Despite Absence from Lineup, Marchand Made Presence Felt in Florida | Boston Bruins

McAvoy Makes Mark

Heading into Game 5, much had been made about McAvoy being held without an official shot on goal in the series. But on Tuesday night, that changed drastically.

The defenseman landed a team-high six shots on net, including his first goal of the postseason at 10:25 of the second period, which gave Boston a 2-1 lead and proved to be the winner.

“I’ve been trying, certainly taking shots. Just haven’t been able to see them get to the net,” said McAvoy. “You never lose confidence. It’s the playoffs. It’s up and down, it’s emotional. Today’s a new day. That’s all we’re given. I’ve been trying to keep the same mindset. I’m grateful for these opportunities and the guys that I get to go to war with.

“I want to do my best to the best that I can, [Tuesday night] was good to see them get on net and see them create some opportunities for our team. It’s up and downs, you’ve got to stay even keeled.”

McAvoy’s marker came on a stellar sequence that began in the Bruins’ defensive end when Charlie Coyle corralled a puck and found Trent Frederic in the neutral zone. As Frederic entered the Florida end, he opened up and delivered a pass to Coyle, who left a sneaky drop pass to a trailing McAvoy.

“It was great poise by Freddy just to pull up and then we get numbers,” said Coyle. “I didn’t know if I was gonna go back to Fred or keep it. Chuck came off [the bench] like an animal. [Danton] Heinen draws a guy to him to the net. I don’t think we score without that either.

“I don’t think he gets a point on it but a nice play by Heinen. Just a spur of the moment thing to drop it to Charlie and thank God it was the right play.”
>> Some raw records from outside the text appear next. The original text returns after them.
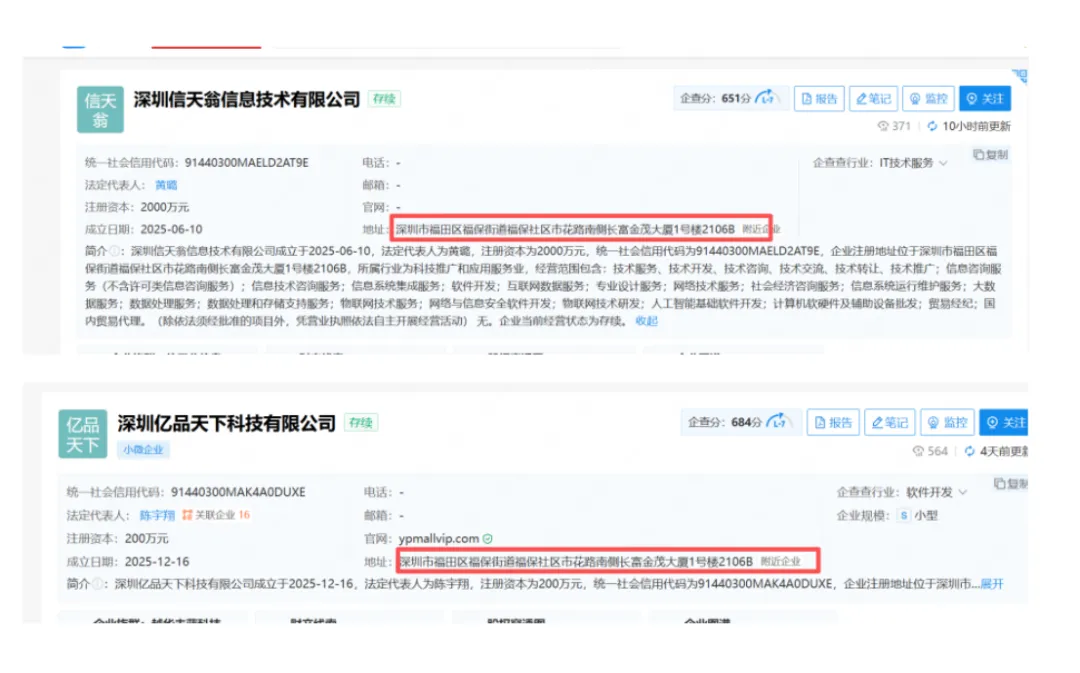 但其股东深圳信天翁信息技术有限公司的注册地址仍与亿品天下一致。
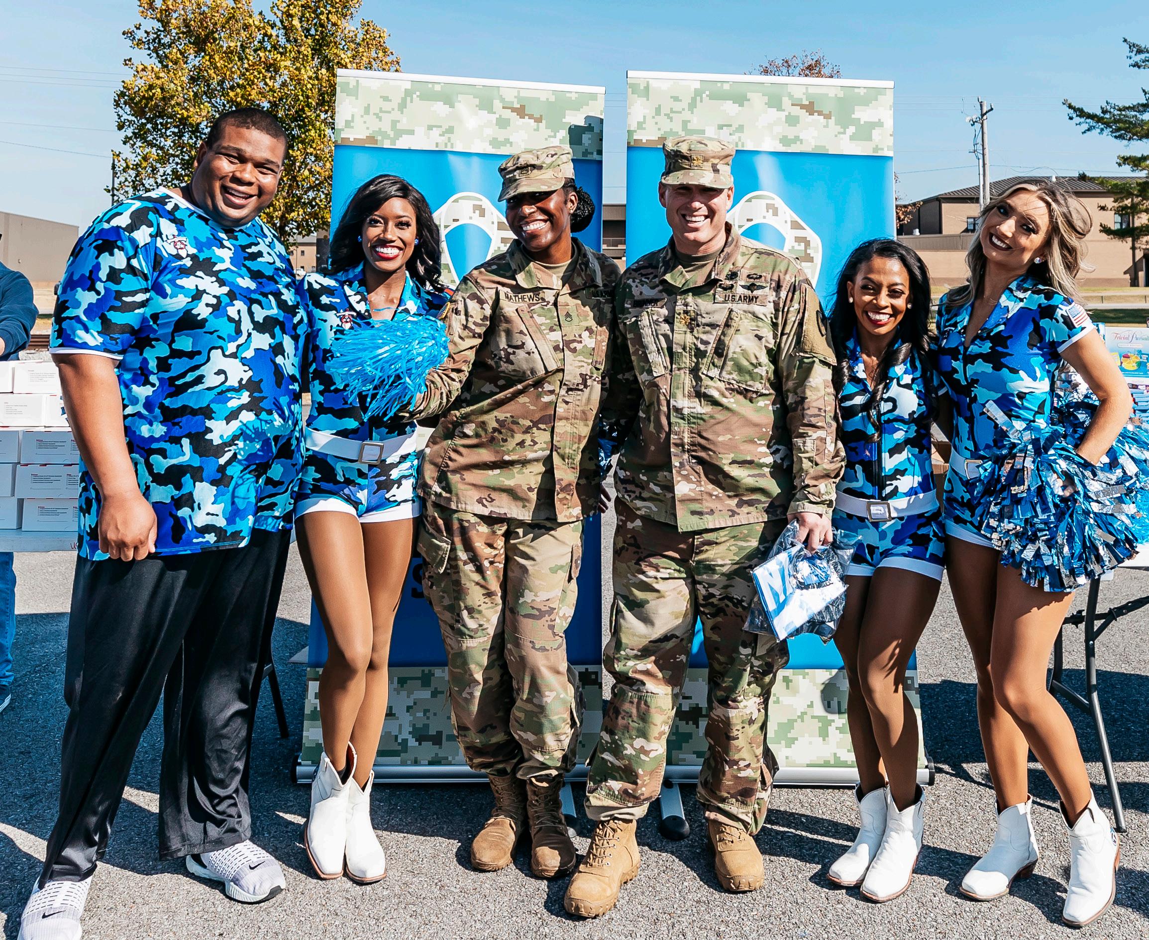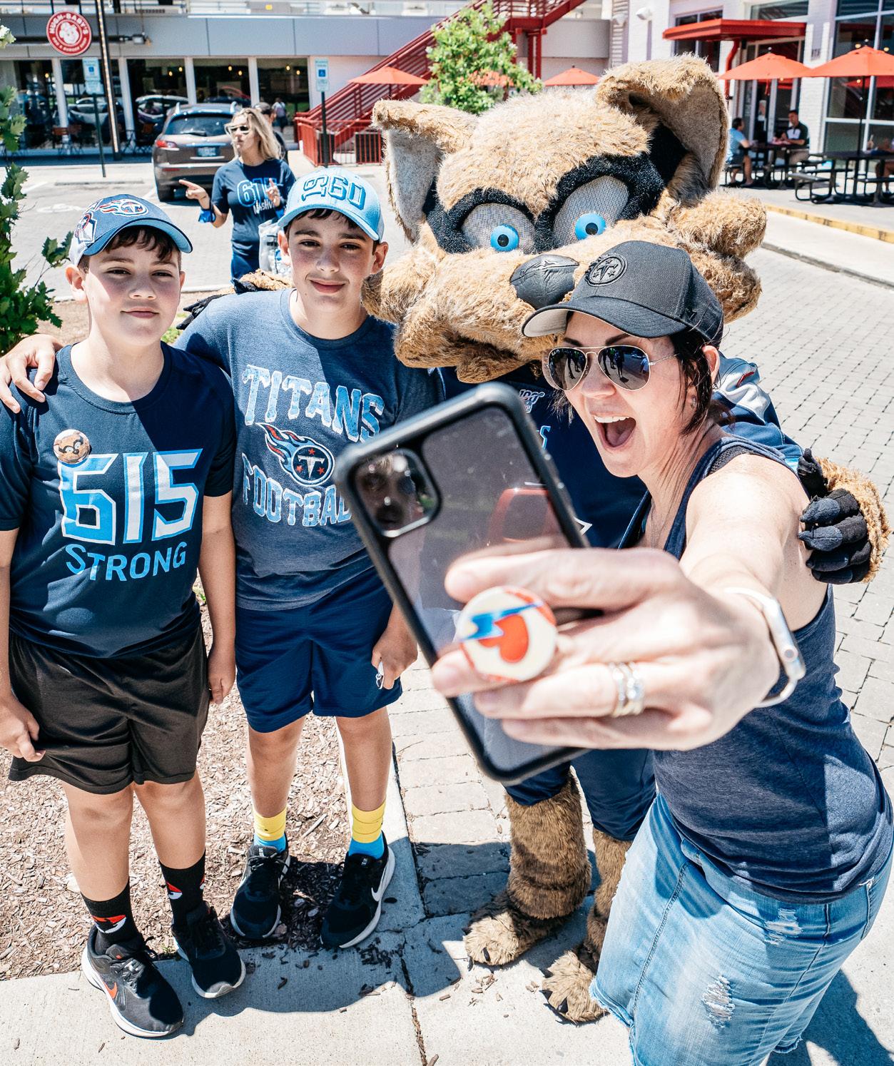 to greet those waiting in line were Titans cheerleaders and mascot T-Rac, as well as mascots from Nashville SC, the Nashville Sounds and Nashville Predators. In addition, the Nashville Convention and Visitors Corp. arranged for live bands to perform throughout the day.
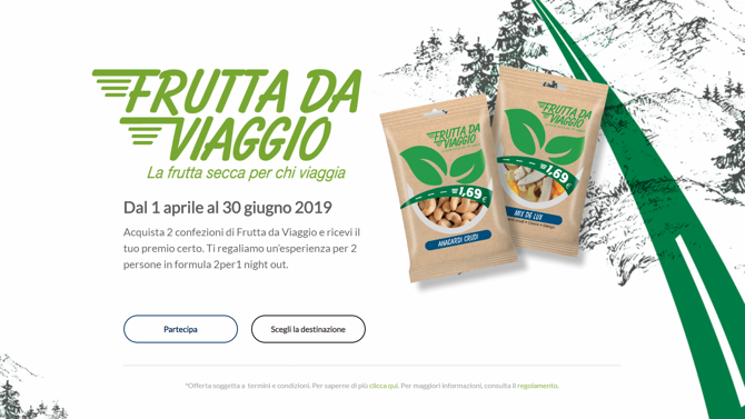 “Parti con Frutta da Viaggio” è la promozione a premio appena lanciata da Euro Company, legata alla propria linea di prodotti “Frutta da Viaggio”. Dal 1° aprile al 30 giugno acquistando due confezioni a scelta di Frutta da Viaggio all’interno dei punti vendita Autogrill dislocati in tutt’Italia, si avrà in omaggio un soggiorno di due notti (di cui una gratuita e la seconda a pagamento), per due persone.
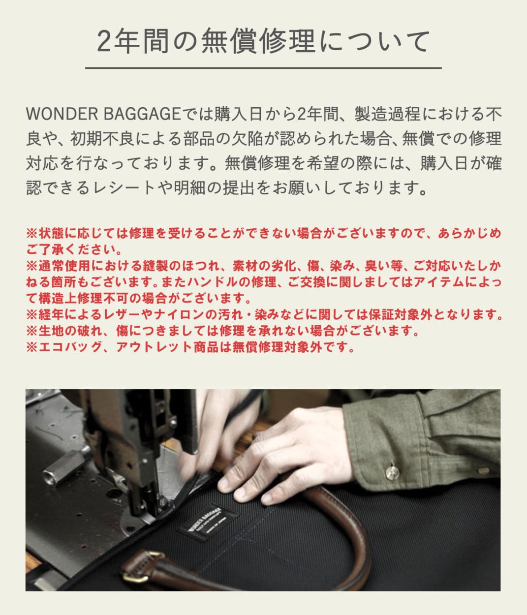 ・水濡れ(雨・汗など)や日焼けによる色落ち、退色は避けられませんので、夏季、雨天でのご使用、また淡い色の服装に合わせる場合は十分にご注意ください。
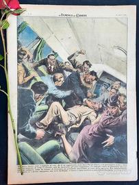 Un pazzo furioso come compagno di volo. Su di un apparecchio della linea Parigi-Algeri, a un passeggero arabo è dato improvvisamente di volta il cervello; egli ha insolentito gli altri viaggiatori, si è lanciato contro la assistente che cercava di calmarlo, infine ha tentato di strozzare un giovanotto intervenuto in aiuto della ragazza. Per immobilizzare il demente si è dovuto impegnare una lotta furibonda; e l'aereo è stato costretto a atterrare a Marsiglia. (Disegno di Walter Molino)
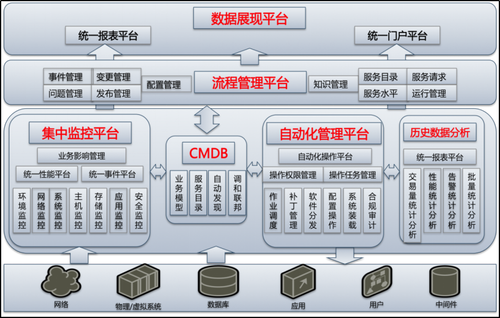 IT运维管理框架从逻辑结构上划分为五个平台和一个中心配置库,分别是数据展现平台,流程管理平台,集中监控平台,自动化管理平台,历史数据分析平台以及CMDB配置管理核心库。
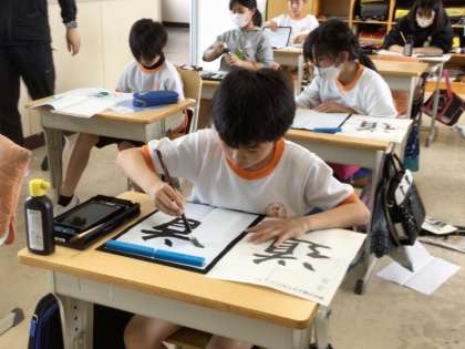 5年生の書写では、「道」を練習しました。特に、しんにょうの形の取り方に気を付けて、練習をしていました。
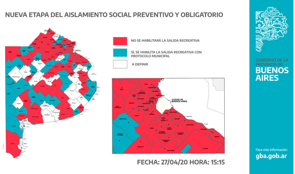 Accedé y descargá el mapa actualizado de municipios donde se aplicará el permiso de salidas de esparcimiento en la provincia de Buenos Aires, en esta nueva etapa del Aislamiento Social, Preventivo y Obligatorio.
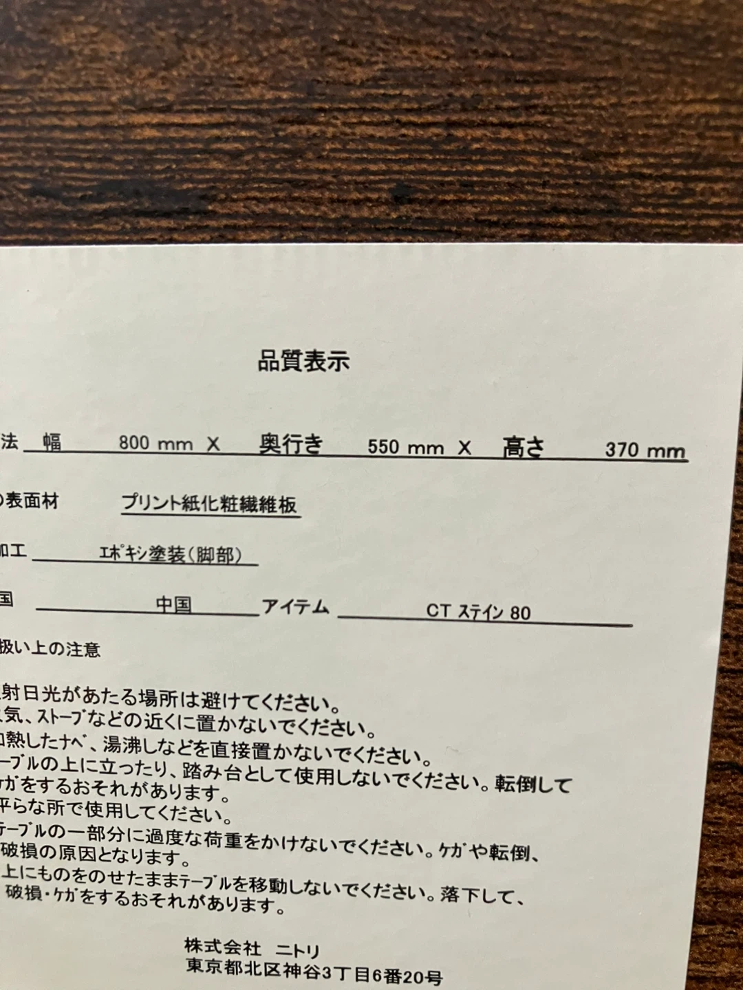 ニトリのローテーブルです。お近くでしたら手渡しでも大丈夫だと思いますが、大きいものなので受け取り方法などご検討ください。 【情報】 ブランド:ニトリ 商品名:CTステイン80 サイズ:幅800mm × 奥行き550mm × 高さ370mm 【状態】 目立たない小さな傷はありますが、キレイめだと思います。サイドにコードを引っ掛けるフックをつけていまいましたが、撮ると汚くなりそうなのでそのままにしています。 中古品であることをご了承ください。

Boston’s blue liner hopped off the bench and surged into the offensive zone, collecting Coyle’s feed and ripping a wrister over the glove over Florida goalie Sergei Bobrovsky.

“I saw we had numbers and I saw [Andrew Peeke] was coming for a change,” said McAvoy. “Second period, sometimes you can win the change battle and get a chance. Started yelling right away. Great play by him to have patience with the puck and to find me. Was pumped to see it go in.”

There was some pause, however, as Florida coach Paul Maurice challenged the play for goalie interference with Heinen and Panthers defenseman Oliver Ekman-Larsson tangled in the crease. But after a review, it was determined that Bobrovsky had time to reset and the goal stayed on the board – much to the relief of the Bruins, who had a controversial goalie interference review go against them in Game 4.

“Oh, he was freaking out,” joked Pastrnak.

“This one has to go our way,” McAvoy said when asked what was going through his mind during the review. “Just hoping. I thought on the play when I collected the puck, I got my head up and he seemed square to me that he was able to square up and just 1-on-1.

“Didn’t look like he was interfered with. I just kept thinking it was a fair play. It was 1-on-1 and he had a chance. Just happy that that one went our way. You never know with these things. We needed that one.”

For the game, McAvoy finished with a goal, an assist, a plus-1 rating, six shots on goal, and three hits in 23:26 of ice time. The 26-year-old now has 10 points (goal, nine assists) in 15 career elimination games, tying Zdeno Chara and Andrew Ference for third-most among Boston defensemen.

“Charlie does it all…whatever the situation calls for in a game, he comes and makes that big play,” said Coyle. “[Tuesday night], it was the goal in that moment…but it’s everything else he does in the game to make a big difference.”

Montgomery said McAvoy’s leadership was also on full display in Game 5.

“He’s extremely competitive, he’s kind of quiet, doesn’t say much, but you could see him talking a lot [on Tuesday night] on the bench,” said Montgomery. “And his play was instrumental in our victory. And I think the goal for him is huge.”